I wrote a solution using the following top-down approach:
- add basin size for each low point into an array
- sort the array to find and multiply the three largest basin sizes
- create a binary basin map
- calculate basin size based on binary basin map
- mark basin map recursively
Add basin size for each low point into an array
I adjusted the solution from part one to calculate and add basin size to an array whenever we find a low point.
const basinSizes = []
heightMatrix.forEach((row, i) => {
row.forEach((height, j) => {
if (isLowPoint(heightMatrix, rows, cols, i, j)) {
basinSizes.push(findBasinSize(heightMatrix, rows, cols, i, j))
}
})
})
We can then outline the findBasinSize
function like so:
const findBasinSize = (matrix, rows, cols, i, j) => {
const basinMap = initializeBasinMap(rows, cols)

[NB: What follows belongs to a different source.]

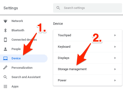 - Select Device from the navigation panel on the left side of the window, and then Storage management in the Device section on the right side of the window.

markBasin(matrix, basinMap, rows, cols, i, j)
return calculateBasinSize(basinMap)
}
Sort the array to find and multiply the three largest basin sizes
We can sort the array of basin sizes in descending order to find the three largest sizes. We can then return the product of those sizes.

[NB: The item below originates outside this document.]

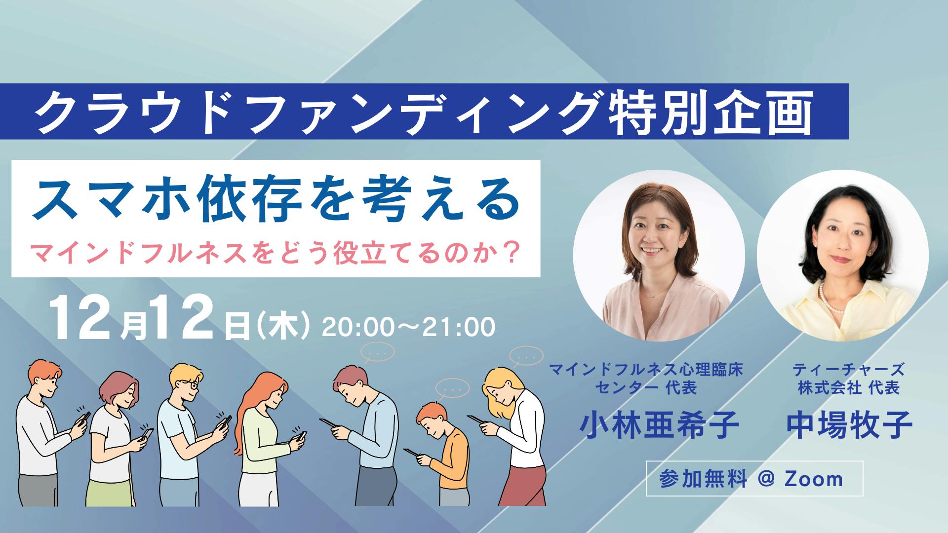 12月12日20時~、小林亜希子さん(マインドフルネス心理臨床センター代表)をお迎えして無料イベントを開催します。

basinSizes.sort((a, b) => b - a)
return basinSizes[0] * basinSizes[1] * basinSizes[2]
Create a binary basin map
The binary basin map is a matrix of the same size as the height matrix. We initialize each element with 0
and mark the ones belonging to the basin with 1
.
const initializeBasinMap = (rows, cols) => {
const basinMap = new Array(rows)
for (let k = 0; k < rows; k++) {
basinMap[k] = new Array(cols).fill(0)
}
return basinMap
}
Mark basin map recursively
We can write a recursive algorithm that starts from the low point, marks it on the basin map, then traverses all neighbours and marks them on the basin map. The recursion stop condition is when reaching an element with height 9
or an element already marked on the map.
const markBasin = (matrix, basinMap, rows, cols, i, j) => {
if (matrix[i][j] === 9 || basinMap[i][j] === 1) {
return
}
basinMap[i][j] = 1
if (i - 1 >= 0) {
markBasin(matrix, basinMap, rows, cols, i - 1, j)
}
if (i + 1 < rows) {
markBasin(matrix, basinMap, rows, cols, i + 1, j)
}
if (j - 1 >= 0) {
markBasin(matrix, basinMap, rows, cols, i, j - 1)
}
if (j + 1 < cols) {
markBasin(matrix, basinMap, rows, cols, i, j + 1)
}
}
The first call contains the low point indices
markBasin(matrix, basinMap, rows, cols, i, j)

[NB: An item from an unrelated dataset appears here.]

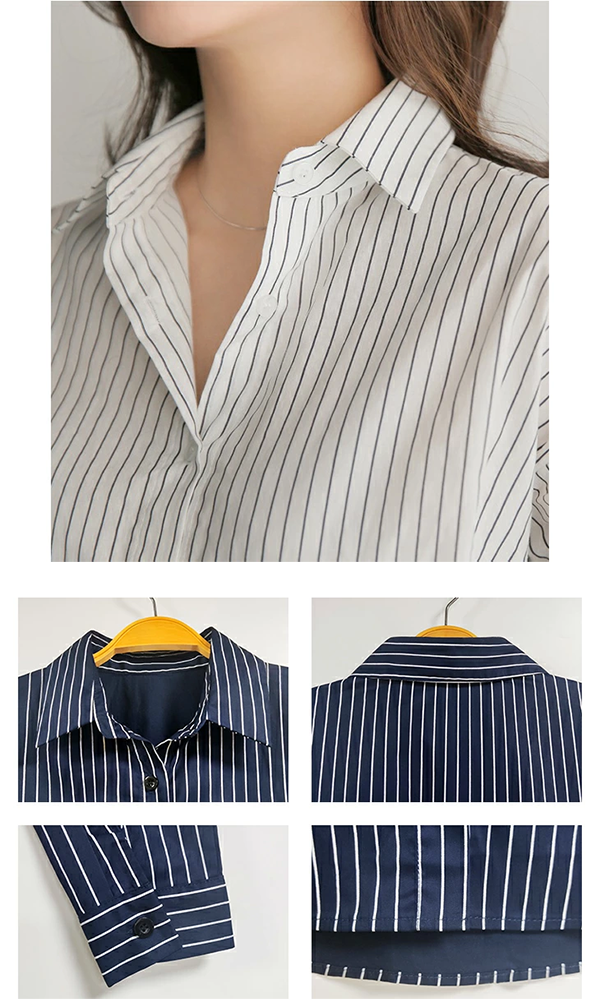 Toggle【商品の説明】レディース ブラウス シャツ 縦ジマ 長袖 ワンピスター

Calculate basin size based on binary basin map
Once we have marked each height belonging to the current basin map, we can sum all the basin map values to find the basin's size.
const calculateBasinSize = (basinMap) => {
let size = 0
basinMap.forEach((row) => {
row.forEach((value) => {
size += value
})
})
return size
}
The final solution for part two is in my GitHub repository.
Conclusion
Day 9 was about traversing a matrix of heights, finding low points by comparing each element to its neighbours in the matrix and recursively finding a basin of adjacent heights.